The good news though - and there is two lots. I phoned Matteo (the lad who kidnapped me and Oscar last year on his boat) and he said....

(try to say this with an Italian accent)

"Dont worry Rooosssssellll, tomorrow we make another private party". 

Heaven knows what a private party is. 

Secondly, as I am at Obernai, I am going for a shower and to put some clean clobber on and am then going to the Christmas Markets. I am told the town is very busy. 

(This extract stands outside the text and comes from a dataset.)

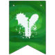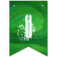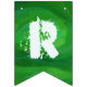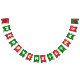 Banderas de decoración de Navidad Rojas y Verdes con nuestra textura característica de pincel seco en colores festivos rojos y verdes con letras blancas que deletrean, Feliz Navidad. En las banderas del extremo está nuestro arte original de una corona de acebo y un lazo rojo brillante. Disfruta la temporada navideña y diviértete decorando con nuestro divertido y colorido diseño navideño.

Full journey blog to follow. 

Russell


----------



## suffolkian (Jul 25, 2007)

Shame you missed the party perhaps the second one will make up for it.

Drive safely


----------



## locovan (Oct 17, 2007)

Good luck Russell enjoy yourself Pictures came out well. :lol:


----------



## geraldandannie (Jun 4, 2006)

Hi Rooosssssellll

Shame you missed the big party, but I think you made the right decision. Have fun at the market  

Gerald


----------



## Suenliam (Mar 22, 2006)

Wise move Russell - you will get a look at the market, be well rested for the party tomorrow and arrive safely 8) 

Take care.

Sue


----------



## JockandRita (Jun 1, 2005)

Hello Rooossseeellll,

A wise move pal. It's not the getting there that's important, it's the getting there *safely*!!!

How long are you away for?

Safe and pleasant travels.

Jock & Rita.

P.S. Are you online via 3, or Big Mac's WiFi? :wink:


----------



## Pusser (May 9, 2005)

Did you realise you are pidgeoned toed. 8O


----------



## asprn (Feb 10, 2006)

Pusser said:


> Did you realise you are pidgeoned toed. 8O


That's not his feet. It's the Phantom Gasser of old Strasboug town. 8O

Dougie.


----------



## Rapide561 (Oct 1, 2005)

*WiFi*



JockandRita said:


> Hello Rooossseeellll,
> 
> A wise move pal. It's not the getting there that's important, it's the getting there *safely*!!!
> 
> ...


Hi Jock

I am using the campsite's free WiFi.

The site is quite busy, mostly Dutch and German motorhomes, a British caravan and a British registered RV.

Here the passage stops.